In marijuana ‘race to the finish,’ Spinney pushes his dispensary forward
Bruce Spinney is not giving up his plans to open a retail marijuana business on Worcester Street, he told the Planning Board Monday night as he presented building plans.
Spinney’s business, Discern’d Cannabis Purveyors, is largely considered the business third in line for Grafton’s two marijuana licenses. He entered what is now termed a “race to the finish” after HCA holders Resinate, MJ’s Market, and Nature’s Remedy, giving up his seat on the Select Board in the process.
“We’ve been monitoring the progress of the other candidates in town,” Spinney said during the public hearing. “There are some entities that have had their permissions for a very long time that have done virtually nothing.”

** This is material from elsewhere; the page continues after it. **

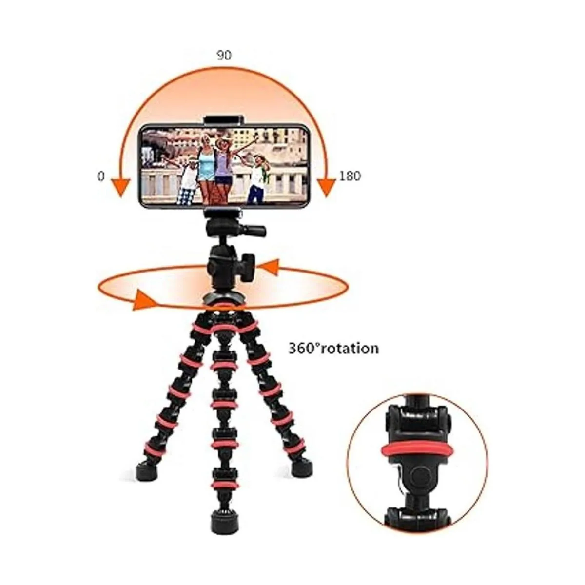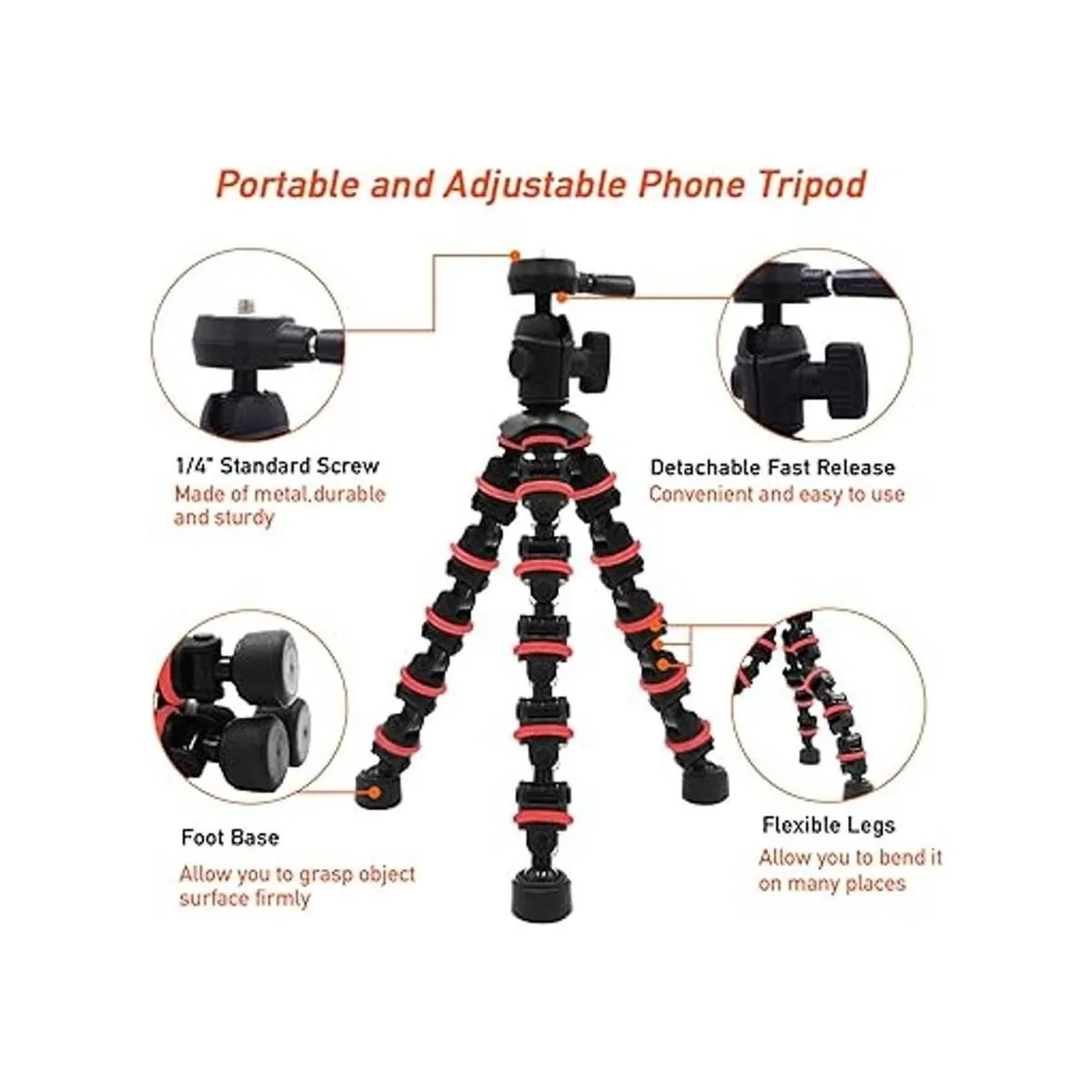 Patas flexibles mejoradas de plástico de alta calidad: el trípode permite que tu teléfono se monte en un escritorio plano o superficie irregular, por lo que es la mejor opción para grabar momentos maravillosos. El diseño de las patas OCTOPUS se puede girar en cualquier forma, envolverlo en árbol, bicicleta, lámpara, silla.

Spinney, meanwhile, acquired 130 and 134 Worcester Street, a 3.4 acre site beside the Mass Pike overpass that was formerly home to a building which has sat vacant and boarded up for the past 12 years. In recent weeks, the building was demolished, leaving only the foundation on which Spinney and his business partner, Allan Villatoro, plan to construct a two-story one tenant marijuana dispensary, totally approximately 2,383 interior square feet.

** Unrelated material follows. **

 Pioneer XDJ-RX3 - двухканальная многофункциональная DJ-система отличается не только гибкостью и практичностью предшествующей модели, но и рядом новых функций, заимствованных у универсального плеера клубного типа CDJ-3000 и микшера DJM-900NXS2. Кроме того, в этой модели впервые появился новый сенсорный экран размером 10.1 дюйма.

Spinney said they plan to build “whether it is going to be a cannabis facility or just retail.”
Fifty-three parking spaces — about three times what Spinney expects the business to need — will be located on the north side and rear of the building, with the extra spaces meant to mitigate traffic. The parking area will be obscured from the street by a picket fence and landscaping. Customers will enter through the rear of the building.
The Planning Board received 12 letters against the facility, largely from residents opposed to the idea of a marijuana business at all. Some objected to the location on busy Worcester Street, across from a residential area and within about two miles of Grafton High School and Grafton Middle School.

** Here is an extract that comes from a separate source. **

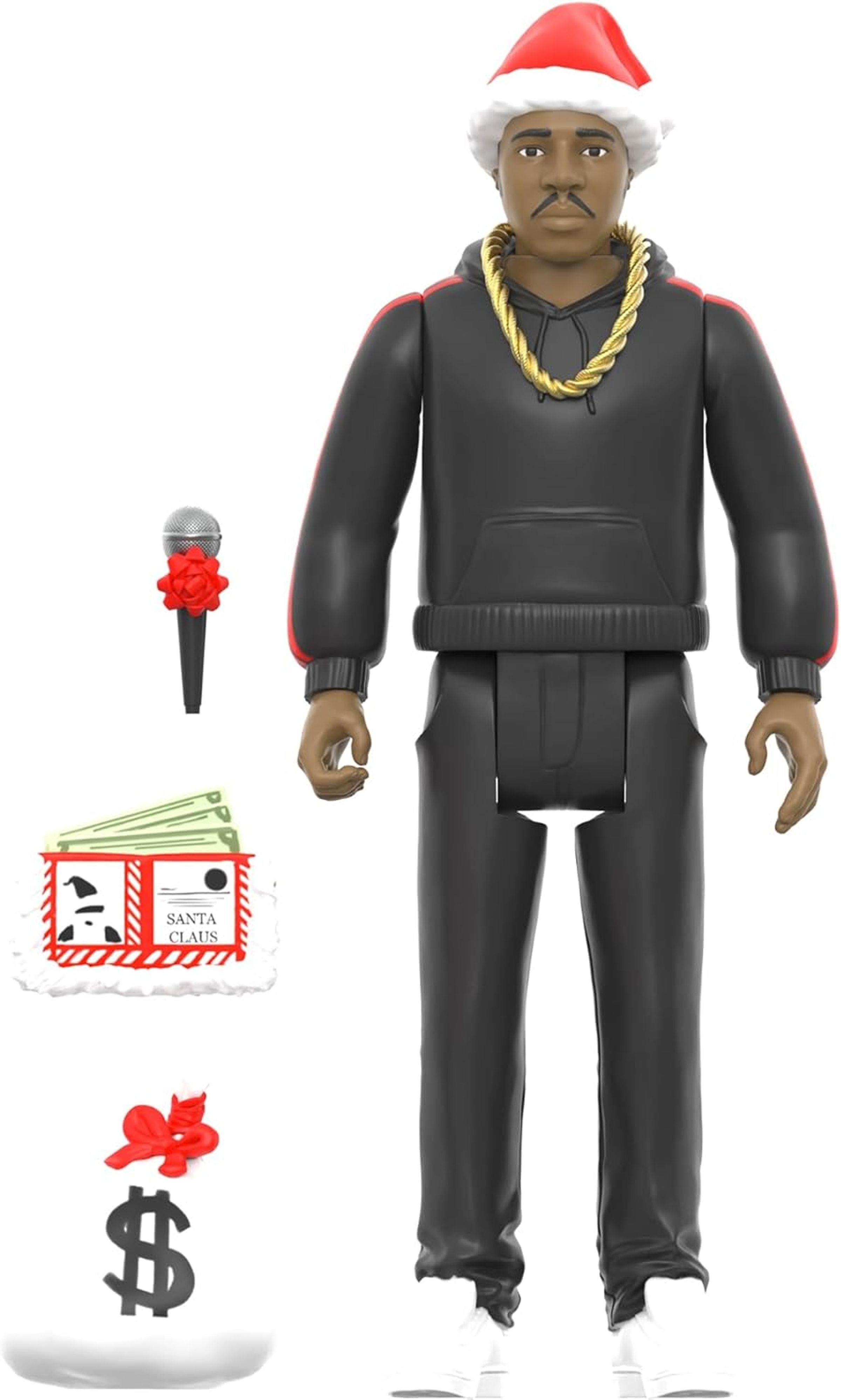 Die RUN DMC ReAction Figur Holiday 3er-Pack ist hier, um etwas von der Urlaubsstimmung von Hollis, Queens direkt in Ihre Sammlung zu bringen. Inspiriert von ihrem beliebten Lied Weihnachten in Hollis, verfügt dieses festliche Box-Set über 9, 5 cm große Figuren von Joseph Simmons, Darryl McDaniels und Jam Master Jay Sporttrainingsanzüge, Weihnachtsmannmützen und Goldketten, mit zwei Mikrofonen mit Geschenkschleifen, einem Sack Bargeld, einer Brieftasche des Weihnachtsmanns und einer "kranken Rentier"-Figur. Feiern Sie die Saison in Gesellschaft des Hip-Hop-Königtums mit dem RUN DMC ReAction Figure Holiday 3er-Pack

“Abandoned buildings aren’t good for property values,” Spinney noted after one comment.
Planning Board member David Robbins added that the project is zoned for light industrial business. The property’s neighbors include another business complex and Aggregate Industries, a concrete business.
“If this does not go forward, it may be something people find just as objectionable,” Robbins said.
The public hearing will continue on February 22.